Ya-Sin Halkı - People of Ya-Sin

Ya-Sin Halkı, Müslümanlar tarafından Kuran'da Şehir Halkı veya Şehrin Sahabeleri olarak bahsedilen eski bir topluluğa atıfta bulunmak için kullanılan bir tabirdir . Bu şehrin konumu ve insanları, İslam'da pek çok bilimsel tartışmanın konusu olmuştur .

Kuran'da

Kuran'a göre, Allah bu özel topluluğa iki peygamber göndermiştir . Şehir halkı onların sözlerini duymayı reddedince, Tanrı onları güçlendirmek için üçüncü bir peygamber gönderdi. Peygamberler insanlara: "Gerçekten biz size bir görev için gönderildik" dediler. Cemaat, peygamberlerin mesajıyla alay ederek, “Siz ancak bizim gibi bir insansınız ve Rahman hiçbir şey indirmedi. Sadece yalan söylüyorsun!" Peygamberler cevap olarak toplumu azarladılar ve şöyle dediler: "Rabbimiz, bizim size bir görev için gönderildiğimizi biliyor: "Bizim görevimiz ancak apaçık Mesajı tebliğ etmektir."

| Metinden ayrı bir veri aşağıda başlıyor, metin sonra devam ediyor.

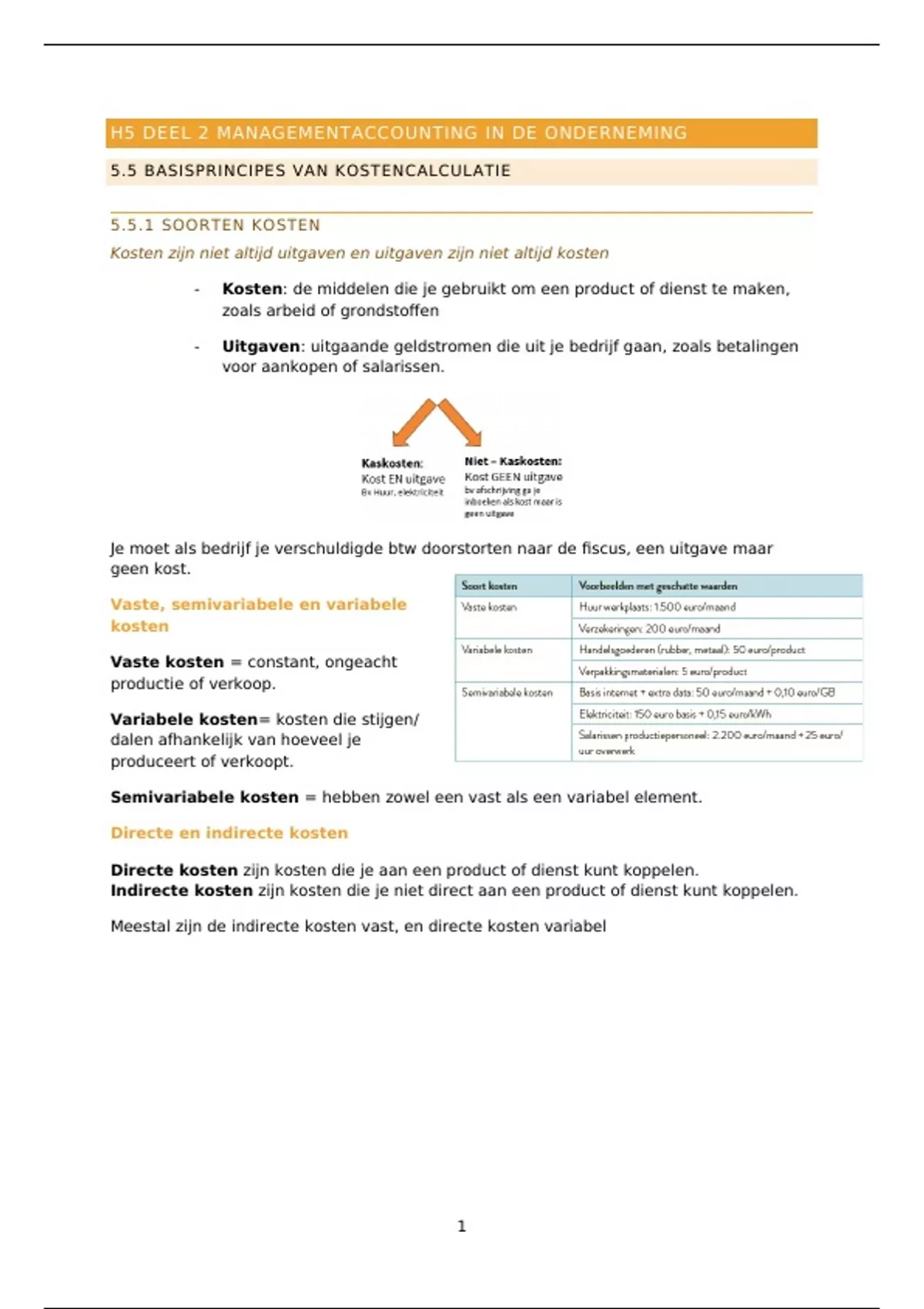 H5 DEEL 2 MANAGEMENTACCOUNTING IN DE ONDERNEMING
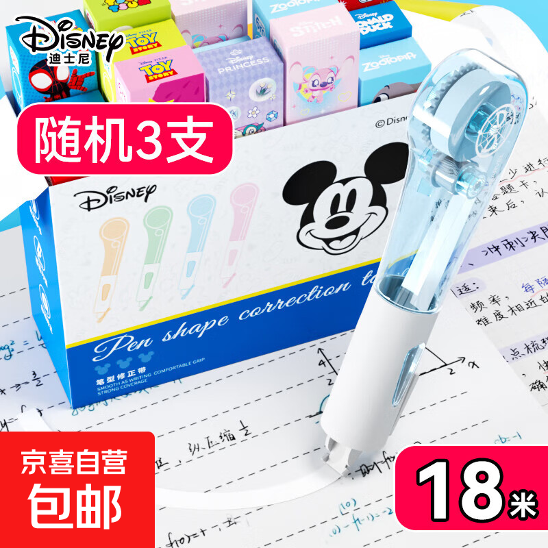 大容量修正带高颜值小学生用涂改带改正迷你小型修改带实惠装改字带学生多功能男孩女孩改正带 迪士尼(Disney)笔型修正带3支 18米

Kuran, peygamberlerin recm ve işkence ile tehdit edildiğini , ancak boyun eğmeyi reddettiklerini ve insanları günahkar yollarına son vermeleri için uyarmaya devam ettiklerini söylemeye devam ediyor. Sonra şehrin en uzak yerinden bir adam koşarak geldi ve insanları bu tebliğe inanmaya çağırdı ve onlara dedi ki: "Ey kavmim! Resullere itaat edin: "Sizden (kendileri için) bir karşılık istemeyenlere itaat edin. ve kendileri Hidayet almış olanlardır. İnsanın cennete atıfta bulunan "cennete" (cennete) girişini anlatan aşağıdaki ayetler, bazı alimler tarafından mü'min adamın imanı için şehit edildiği şeklinde yorumlanmıştır .

tefsirdeki hesaplar

Klasik Kuran yorumcuları , halk arasında "Şehir Halkı"nı Antakya şehri ile özdeşleştirdiler . Ancak şehri Antakya ile özdeşleştiren bilim adamları, olayın tarihi konusunda ikiye bölünmüştür. Bir grup, bu olayın İsa'dan sonra gerçekleştiğine inanmış ve Kuran'da "Rasul" kelimesinin bu bağlamda kullanılmasının, üç peygambere değil , İsa'nın mesajı duyurmak için Antakya'ya gönderilen üç havarisine atıfta bulunduğunu açıklamıştır . Bu şehidin adı Kuran'da veya Hadis'te hiçbir yerde açıkça geçmez, ancak Yasin'in Mü'mini olarak bilinir . İbn Kesir , Kuran 36 tefsirinde, gönderilen üç havarinin Şam'un ( Petrus ), Yuhanna ( Yuhanna ) ve üçüncünün adının Bulus ( Paul ) olduğunu belirten bir rivayete atıfta bulunur . Kentin Antakya'ya atıfta bulunduğuna inanan diğer müfessirler, bunun çok daha eski bir olayın anlatımı olduğunu ve adı geçen üç "elçi"nin gerçekten de peygamberler olduğunu, yani Saduk, Mesduk ve Şalum olduğunu açıkladılar.

Abdullah Yusuf Ali , Elçilerin İşleri'nde anlatıldığı gibi , hikayenin anlatımını Pavlus ve Barnabas'ın vaazlarıyla ilişkilendirdi . Antakya'da olduğu gibi, Kudüs şehri de Kuran'da doğrudan adıyla anılmaz ve Arapça tercümesiyle (Kudüs) adı geçmez.